I contacted Tollcross Swimming Baths today to confirm when it would reopen, and was told that it wouldn't be until at least 6. January, and that it may not reopen until after the 14-day Commonwealth Games. 

A year-long exclusion for local children and pensioners from their local pool in order to host a two week long sporting extravaganza, from which there will come no significant number of jobs for local people, nor even a free ticket to any event for local people. 

If a mother wants to take her two children swimming, therefore, she will have to do so in Easterhouse or the Gorbals, needing two buses. That's an extra £4 on the bus, plus £1,50 each for the two kids. An extra £7 for a swim before you even get your toes wet (and to get your toes wet, you'll be paying another exorbitant admission fee). 
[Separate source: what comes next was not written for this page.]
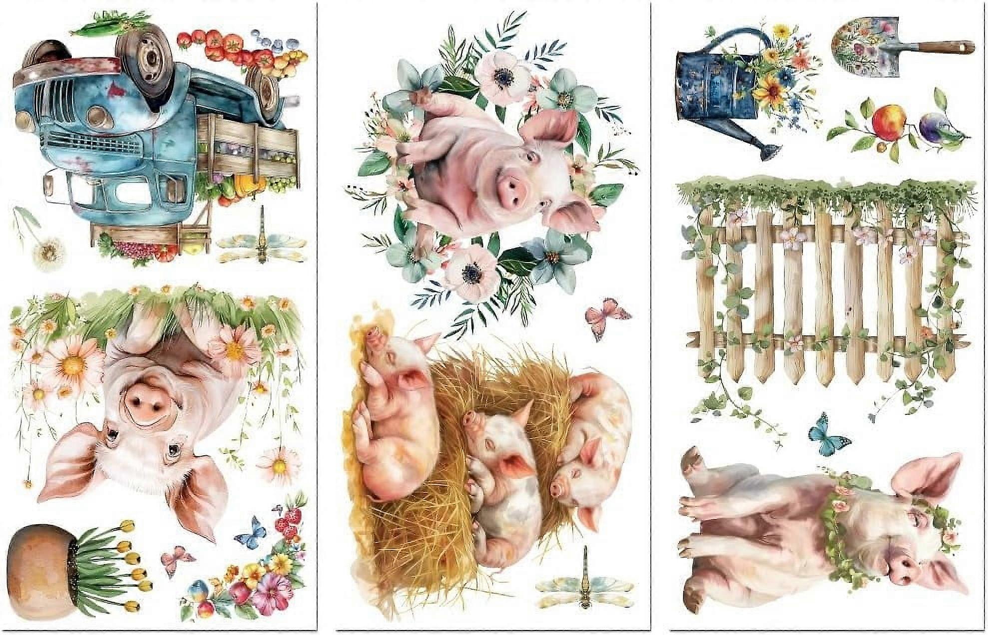 Waterproof UV Transfer Decals 6"x12" 3Pcs, Pig & Flower Design for Furniture, Crafts, Glass, Wood, Plastic - Compatible with Farm Dresser

Why shouldn't local people get free use of the facilities built for the Commonwealth Games? With £600.000.000 of our money spent on the event, surely local people should be rewarded, and not punished, for their hospitality. 

Instead, all that's been done is a bit of tarmac and paving on the London Road Zil lane (with potholes aplenty still engulfing cars and ankles alike on the Shettleston Road, to which few, if any of the visiting dignitaries and athletes will be invited to visit) while local residents get services slashed and withdrawn; victims of an event sponsored by ATOS, the very company which is telling people with terminal cancer that they are perfectly fit for full-time work. 

It seems that everyone is abandoning the East End. Shops are closing in the Forge because they can't pay the going rate for rent, leaving ugly gaps in the local area, which are being filled by pawnshops, pound shops and gambling dens. It's inconceivable that the Council would allow this to happen to St Enoch or Buchanan Galleries, so why should it happen to Shettleston or Govan? 

Labour have had half a century of running this city, and there's still dog shit dotting the streets like landmines. Their "Landscape Design Manager" let slip yesterday that she is charging ratepayers £10.000 per year to have a guy with a big stick knocking a cone off a statue's head. Perhaps that money could be better diverted to an area which has been so abandoned by Glasgow City Council and the world in general over the years that it now doesn't have a single bank, but has just had to open a foodbank.

The people I met today are inspiration people, battling for their families. 

They deserve so much better than what they're getting.